Professionals tread a fine line when Touching Children
By Jean Heller
St. Petersburg Times - July 31, 1988
Edmond John Hartmann says he will never forget the moment in March of 1987 when the sheriff's deputy in New Port Richey told him why he had been ordered to come to the station.
``She says to me, `You're charged with child molesting. Do you want a lawyer?' `` Hartmann recalled. ``I said, `No, I'm innocent.' She read me my rights and locked me up. I spent two months in jail.``
Last Tuesday, 16 months after the ordeal began for the 61-year-old Pasco County school bus driver, it ended. After two alleged young victims testified that, in fact, Hartmann had never assaulted them, Circuit Judge Edward H. Bergstrom dismissed the case saying the lack of evidence made him think he'd just walked through the looking glass into Alice's Wonderland.
Hartmann says he is unsure if he will return to his bus. If he does, he says, it will be with a different attitude:
``It used to be when kids got on the bus with runny noses, I'd wipe them.

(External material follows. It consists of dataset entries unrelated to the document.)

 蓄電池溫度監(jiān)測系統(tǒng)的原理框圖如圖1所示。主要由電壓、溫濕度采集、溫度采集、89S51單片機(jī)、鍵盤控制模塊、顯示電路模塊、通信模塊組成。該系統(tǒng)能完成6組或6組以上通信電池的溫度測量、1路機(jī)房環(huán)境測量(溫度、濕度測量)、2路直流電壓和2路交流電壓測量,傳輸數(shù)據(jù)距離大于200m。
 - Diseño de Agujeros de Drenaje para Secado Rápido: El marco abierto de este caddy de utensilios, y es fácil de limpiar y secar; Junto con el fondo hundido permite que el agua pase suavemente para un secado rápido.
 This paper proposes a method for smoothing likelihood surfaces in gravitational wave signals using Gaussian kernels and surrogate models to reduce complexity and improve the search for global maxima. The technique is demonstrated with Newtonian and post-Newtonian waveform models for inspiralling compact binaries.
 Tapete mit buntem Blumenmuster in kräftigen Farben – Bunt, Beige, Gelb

If their shoes were unlaced, I'd tie them. Now? Hell, no. No way. Never. I can't do it any more. It's not that I don't want to. I don't dare.``
The National Committee for Prevention of Child Abuse estimates that incidents of reported abuse and molestation of children are up 2,000 percent in the last decade, according to the current issue of Parenting magazine.

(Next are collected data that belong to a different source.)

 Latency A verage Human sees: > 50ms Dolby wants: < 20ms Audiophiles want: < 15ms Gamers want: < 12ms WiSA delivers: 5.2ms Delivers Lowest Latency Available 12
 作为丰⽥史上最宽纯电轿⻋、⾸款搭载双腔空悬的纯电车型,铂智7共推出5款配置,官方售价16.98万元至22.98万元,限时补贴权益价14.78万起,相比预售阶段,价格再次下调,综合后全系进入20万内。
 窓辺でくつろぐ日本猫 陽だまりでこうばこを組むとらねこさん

Most of the reported cases originate in private homes, but more and more of them involve schools, day-care centers, youth organizations and support groups.
The staggering increase in cases and the irreversible damage they can inflict has caused a wide-ranging group of child-care professionals to alter their work habits, attitudes and daily routines. Many of them say they now approach their jobs with one eye on the needs of their kids and the other eye on the lawbooks.

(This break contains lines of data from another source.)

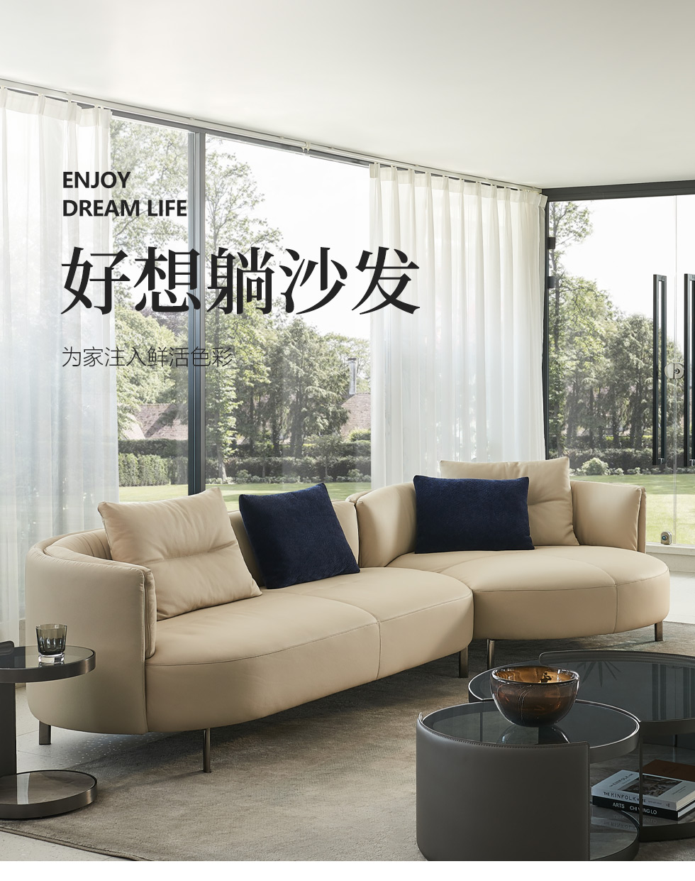 缔造 极简 接触面进口意大利头层真皮+羽丝棉+高密度海棉+碳素钢脚+北美白蜡木(做碳灰木色)真皮转角3.4米沙发 (扶手边 左1+无1+右贵)¥9702
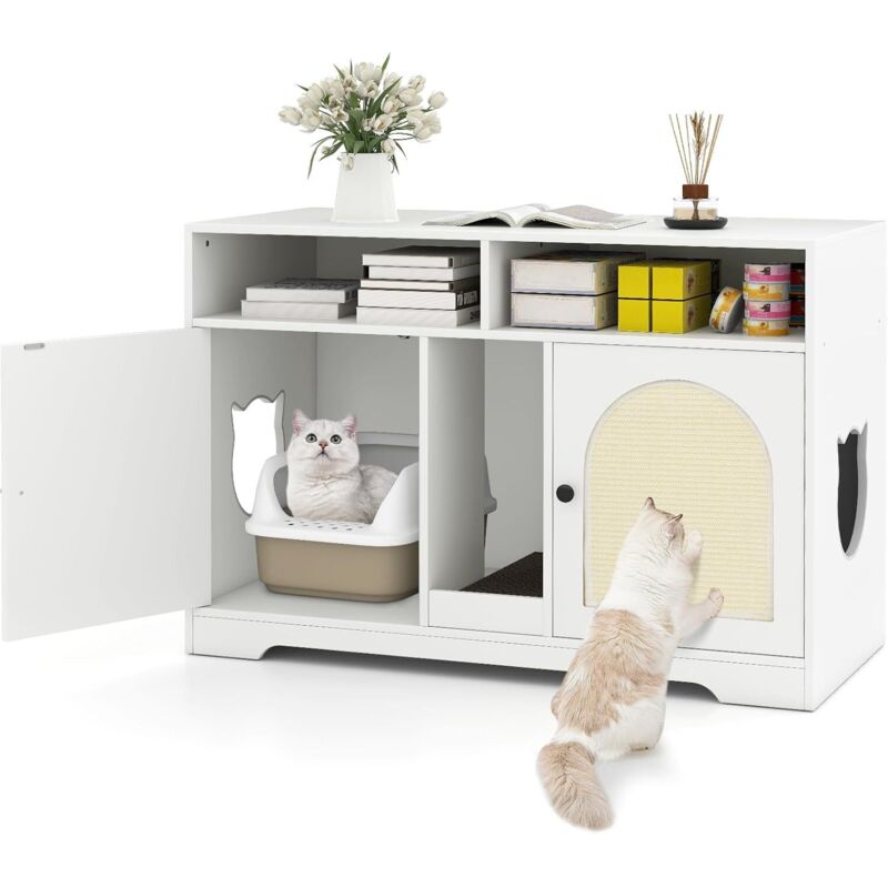 4 in 1 Meuble Litiere Chat, Cache Litiere Chat Double Portes, 2 Compartiments, Planche et 2 Tapis à Griffer en Sisal, 2 Trous Latéraux, Blanc
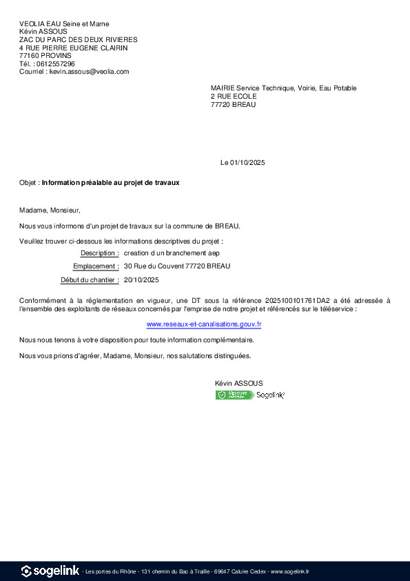 Contacter la mairie de Bréau
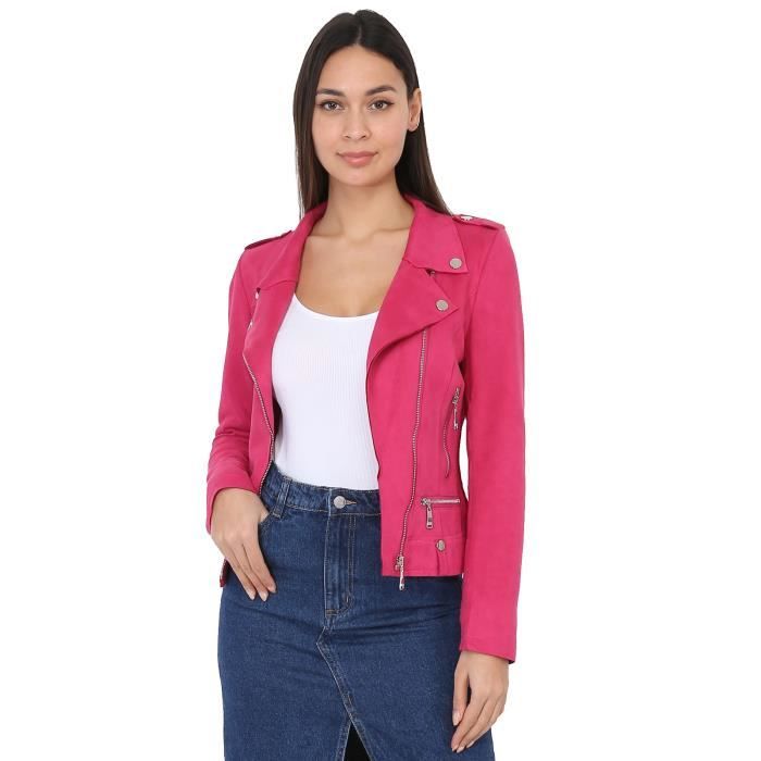 blouson biker suedine femme
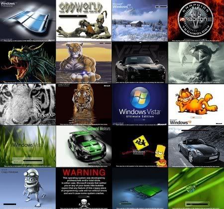 Selección de pantallas de arranque para Windows XP para todos los gustos. El kit incluye una utilidad gratuita Stardock bootskin 1.05a , con la ayuda de la que puede configurar fácilmente tu gusto de pantalla de arranque. A diferencia de otros programas de la misma clase de arranque la interfraz no cambia el núcleo de archivos, Windows, y por lo tanto hace que el cambio de la pantalla de seguridad. Además, esta tecnología nos permite alcanzar el mínimo tamaño de los archivos.
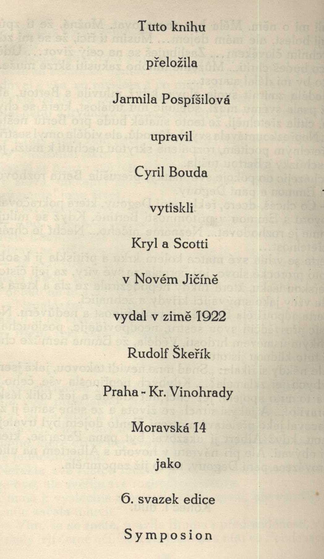 Poznámky Slepotiskovými ornamenty zdobená vínová vazba. - Na první stránce stylizovaná značka edice. - Červený a černý tisk titulního listu s drobnou ilustrací.
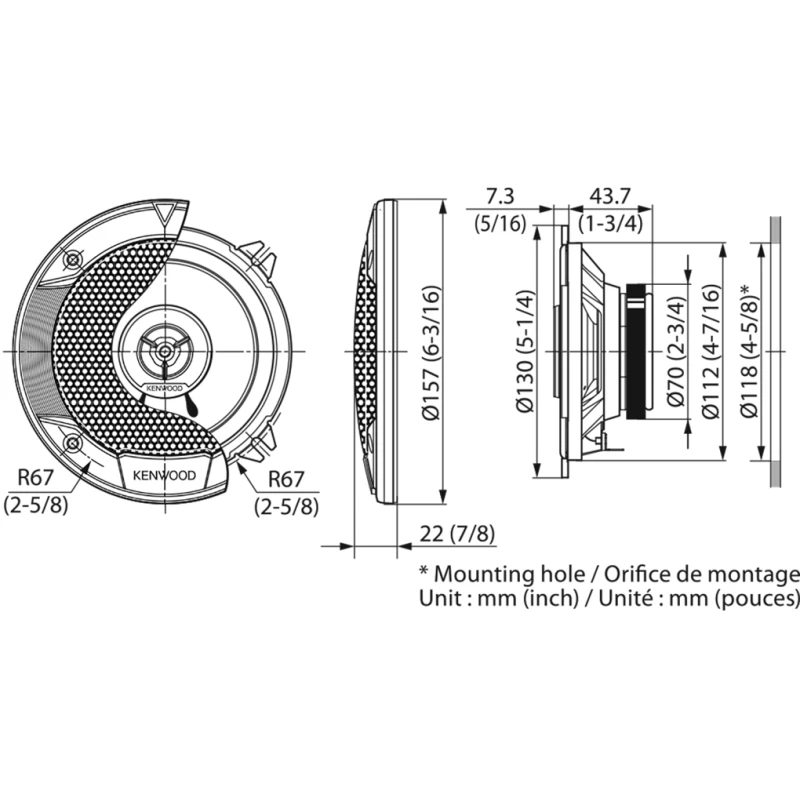 Диаметр монтажного отверстия Ø: 114 мм
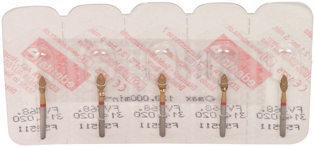 Packung 5 Schleifer rot fein, FG, Figur 257 Knospe, Kopflänge: 5,5 mm, ISO 020
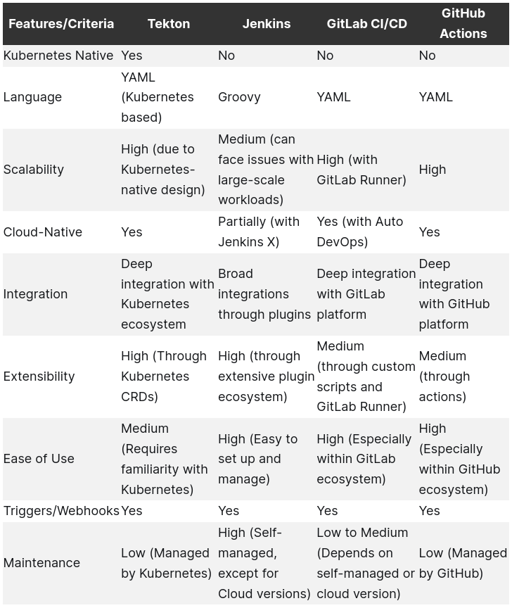 Comparing Tekton with other CI/CD solutions like Jenkins, GitLab Runner, and GitHub Actions, illuminates its unique strengths.

Some counselors, for instance, are prevented from riding in a car with a member of the opposite sex unless another adult is present.
Teachers are protecting themselves against possible abuse charges by joining unions that will help pay legal expenses. And youth groups fear that the number of men willing to work with children is in rapid decline.
``One of the problems all this has created is that teachers, bus drivers, anyone who has contact with children, knows (abuse charges) could happen to them,`` said Tom Weightman, superintendent of Pasco County public schools, the system in which bus driver Edmond Hartmann worked.
``For education to be successful, pupils have to know that their teachers care about them, but the little hugs or pats on the shoulder which are meant innocently can be misconstrued and turned into serious trouble,`` said Weightman, whose school system endured another celebrated case two years ago in which a teacher spent eight months clearing himself of charges that he fondled two 10-year-old pupils.
``We find teachers thinking twice before they touch, however innocently,`` he said.
Even if cleared, a teacher or other child-care professional faces a ruined career from the mere allegation of child abuse.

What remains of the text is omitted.